- _Supplied data_
/---
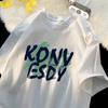 Camiseta de Manga Corta Estilo Chic Hong Kong con Estampado de Letras Leet para Mujer Verano 2025 Nueva Casual Versátil Holgada
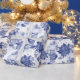 Christmas Holiday Blue Winter Stockings Poinsettia Wrapping Paper
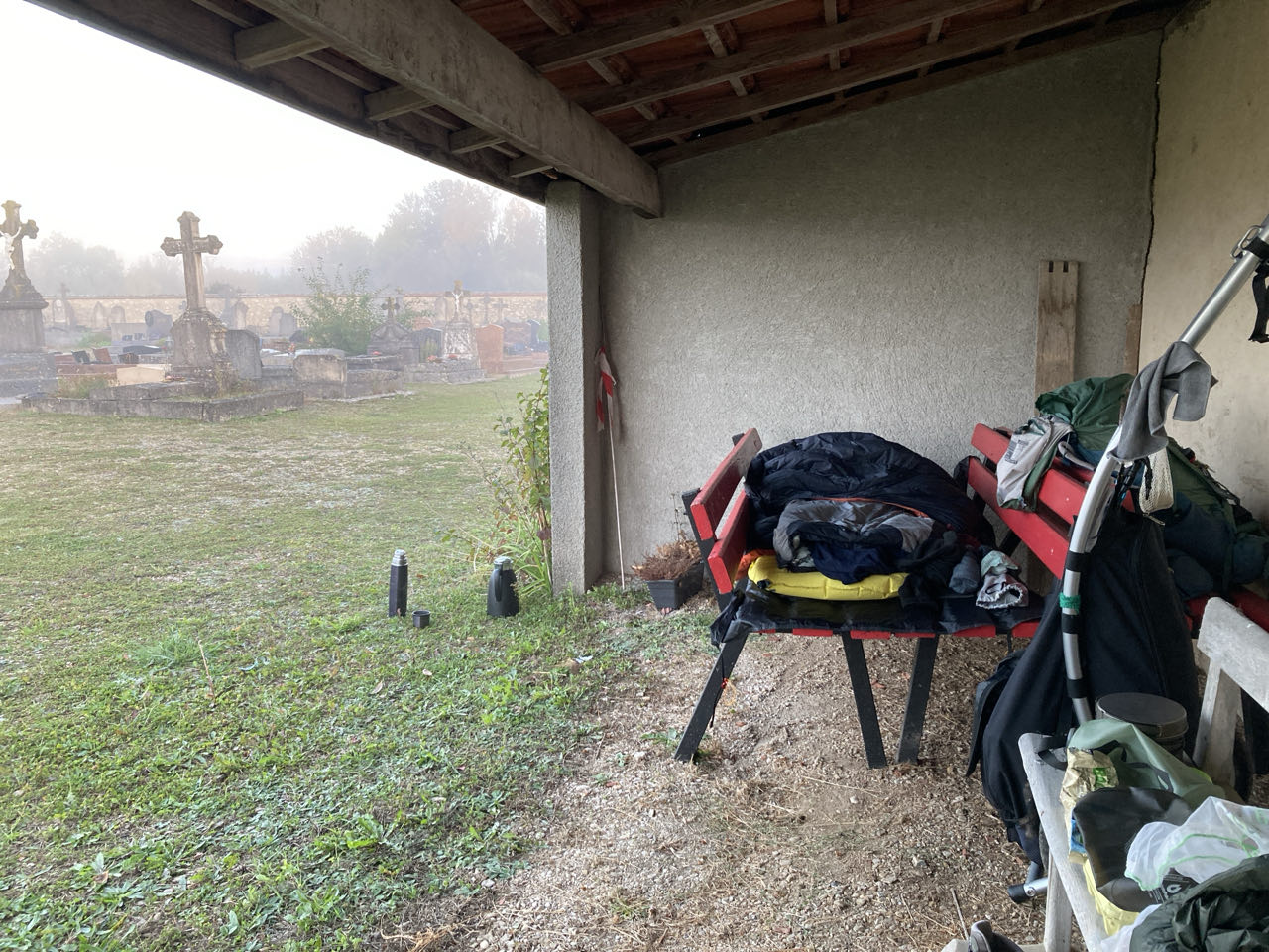🪦 J’ai dormi ici. C’est la première fois que je m’installe dans un cimetière. Je n’avais jamais osé avant. Moi, je n’y voyais pas d’inconvénient mais j’ai toujours eu peur du regard des gens, qu’on me trouve irrespectueuse. Mais cette fois-ci, l’opportunité était parfaite et j’ai tenté avec les encouragements de Clarisse. J’ai placé 2 bancs face à face pour me faire un lit.
\---
- _Exercise brief_
Each line from the first line of the material above through the line containing "Christmas Holiday Blue" is to be reproduced exactly, with both ends kept and pictures left out.

- _Task output_
 Camiseta de Manga Corta Estilo Chic Hong Kong con Estampado de Letras Leet para Mujer Verano 2025 Nueva Casual Versátil Holgada
 Christmas Holiday Blue Winter Stockings Poinsettia Wrapping Paper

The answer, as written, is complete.